Disappointment

Today I tried to pay a bill in person, register my kids for camp, get groceries and order a replacement part for the van.  Although my success rate for these tasks are 3 for 4 each check on my to-do list proved more and more disappointing.

I have one store credit card.  One.  I used it a lot when we lived in Germany because I could get free shipping as a card holder and I also earned credits for future purchases.  I always pay it off each month because the interest rate is 150000%.  I have tried to pay off the whopping balance of $75 for two weeks now without success.  I have paperless billing, my credit card was temporarily lost so I reported it and got a new card and now I can't pay my bill online or over the phone.  So I went to my local store to pay it and was informed that I could only pay online or over the phone.  See my problem.  Frustrated I said, well I guess it is time for me to sever my ties with this card, it is becoming quite a pain, to which the lady said "you should, they are very difficult to deal with".  And moving right along with my next task.

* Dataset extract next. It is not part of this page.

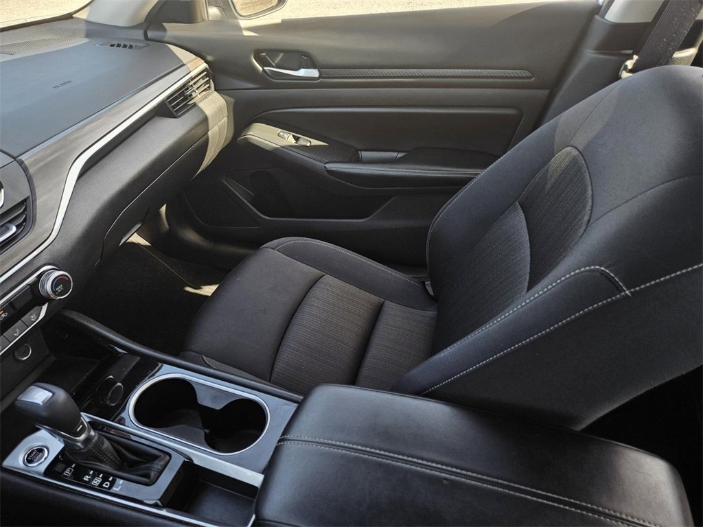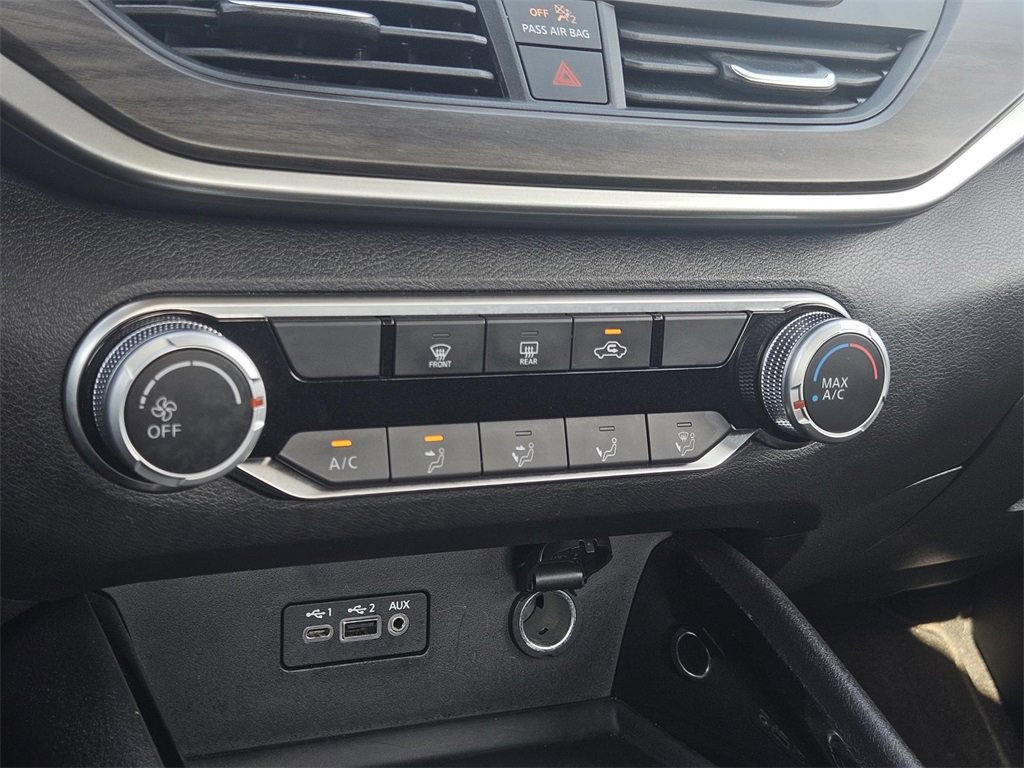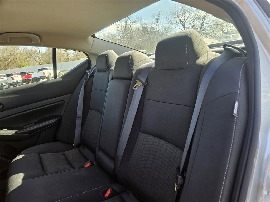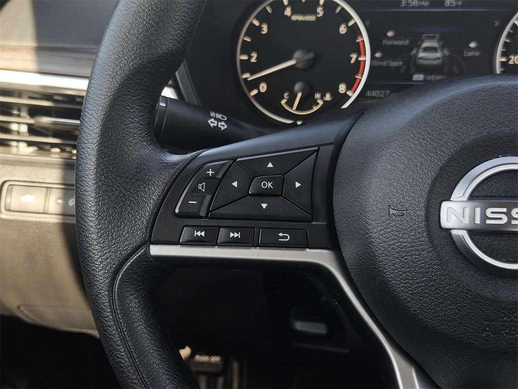 CVT with Xtronic, 17 Alloy Wheels, 4-Wheel Disc Brakes, 6 Speakers, ABS brakes, Air Conditioning, Alloy wheels, AM/FM radio: SiriusXM, Auto High-beam Headlights, Blind Spot Warning, Brake assist, Bumpers: body-color, Cloth Seat Trim, Delay-off headlights, Driver door bin, Driver vanity mirror, Dual front impact airbags, Dual front side impact airbags, Electronic Stability Control, Floor Mats/Trunk Mat/Hideaway Net, Four wheel independent suspension, Front anti-roll bar, Front Bucket Seats, Front Center Armrest, Front reading lights, Fully automatic headlights, Illuminated entry, Knee airbag, Low tire pressure warning, NissanConnect featuring Apple CarPlay, Occupant sensing airbag, Outside temperature display, Overhead airbag, Overhead console, Panic alarm, Passenger door bin, Passenger vanity mirror, Power door mirrors, Power driver seat, Power steering, Power windows, Radio data system, Radio: AM/FM Audio System, Rear anti-roll bar, Rear Parking Sensors, Rear reading lights, Rear seat center armrest, Rear side impact airbag, Rear window defroster, Remote keyless entry, Security system, Speed control, Speed-sensing steering, Speed-Sensitive Wipers, Split folding rear seat, Steering wheel mounted audio controls, Tachometer, Telescoping steering wheel, Tilt steering wheel, Traction control, Trip computer, and Variably intermittent wipers.

One of the seatbelts on the van is starting to fray.  That can't be good.  I went to to Toyota to order the part and it is $160 plus installation fees.  If I hadn't already pooped today, I would have had a bowel issue right there in the showroom.  Really?  I'm thinking two or three $5 bungee cords would be equally effective.  I was left with a decision: deem the seat inoperable and just use the other 6 available seats in the van, or buy the darn over priced piece of life saving equipment.  I didn't want to look like a horrible mother so I bought it.  If it only takes 1 hour to install it is $100 for the replacement.  My bet is that it takes 5 minutes but whatever.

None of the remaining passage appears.